JF: I’m always interested in disgust and desire and how they operate together. Disgust is so interesting to me, and the ways in which bodies are disgusting, and how that is key to the pleasure of them. I’m completely uninterested in the sanitized version of our bodies, how polished they’re supposed to be. I want instead to get into the sensation and the feeling, the open bits and the wet bits and the stuff that’s inside them that comes out of them.

OP: In some ways, this a very dark book: it’s a kind of horror story. But the sense I was left with, at the end, was of having read a romance. There’s also a lot of romance in it the book, and I mean true, sappy happy ending kind. What lingered for me were the love stories, Werewolf Louie and the local hairdresser, Derek and Zed. 

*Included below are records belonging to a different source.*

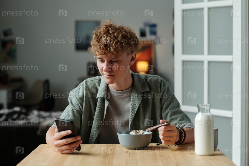 Подросток использует смартфон во время завтрака за домашним столом
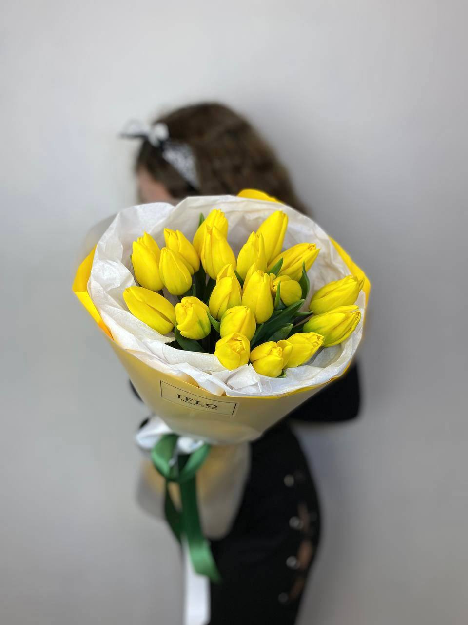 Бутоны держат форму долго и радуют свежестью. Девятнадцать жёлтых тюльпанов в лаконичной упаковке удобны для размещения в любом интерьере.
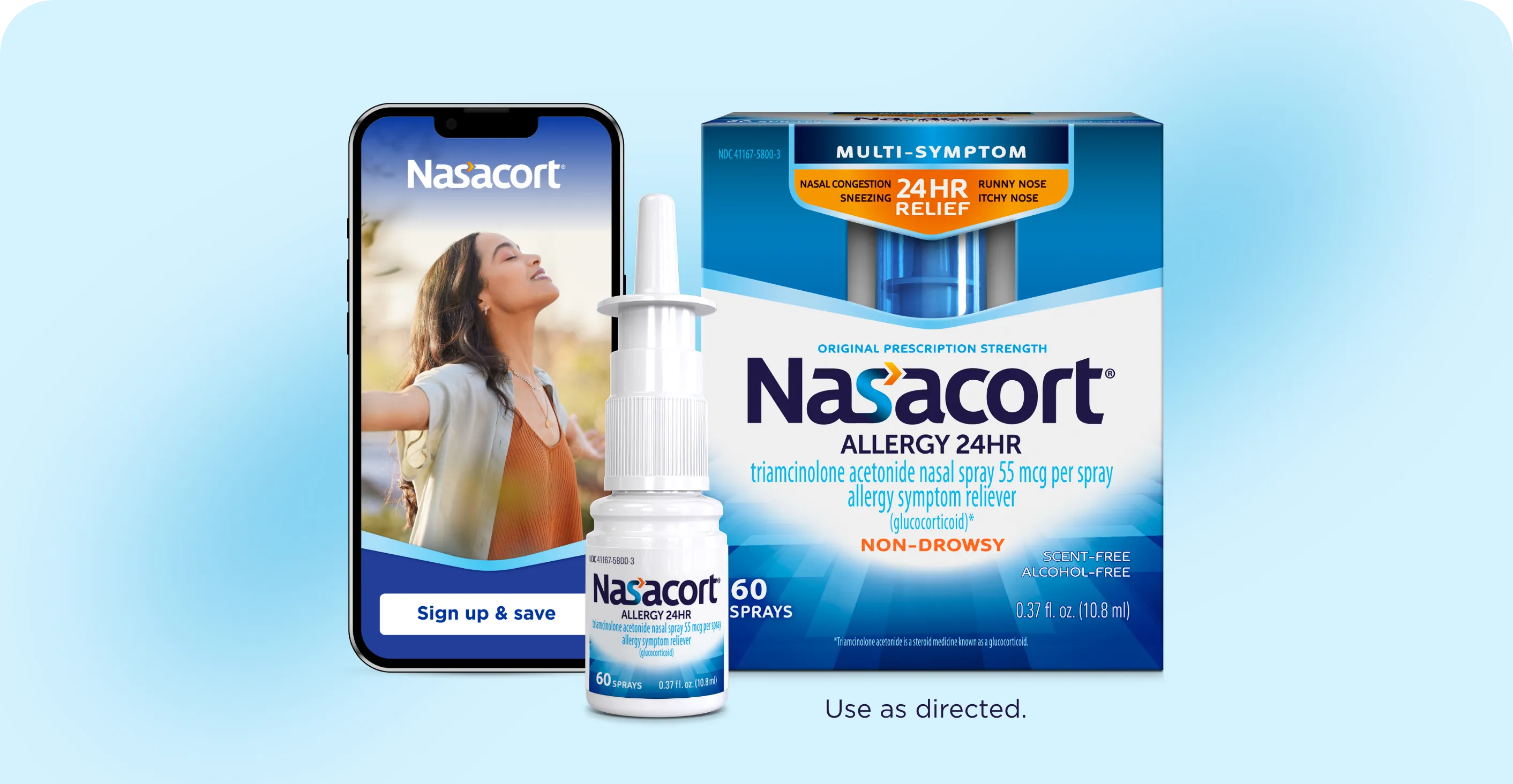 Breathing is believing with Nasacort® nasal allergy spray — it reduces inflammation to relieve nasal allergy congestion, sneezing, runny nose, and itchy nose.

JF: Yeah, I love joy. I am such an essentially cheesy person, all the way down. When we talk about endings in the classes I teach, I’ll sometimes ask what kinds of endings people like, and many of them say: ambiguous ones that are a little bit sad. And I’m like, No. I want to end at this point of pure joy. I think especially talking about queer people, talking about marginalized people—I want there to be hope. I want there to be resistance and power and anger against injustice, but the fighting isn’t worth anything if you don’t have the positive vision that you build in the place of that fight, and what you build in place of it has to be based in joy. If the revolution and what comes after doesn’t include pleasure and happiness and happy endings and all the good stuff, then that doesn’t feel like the fight I want to be having.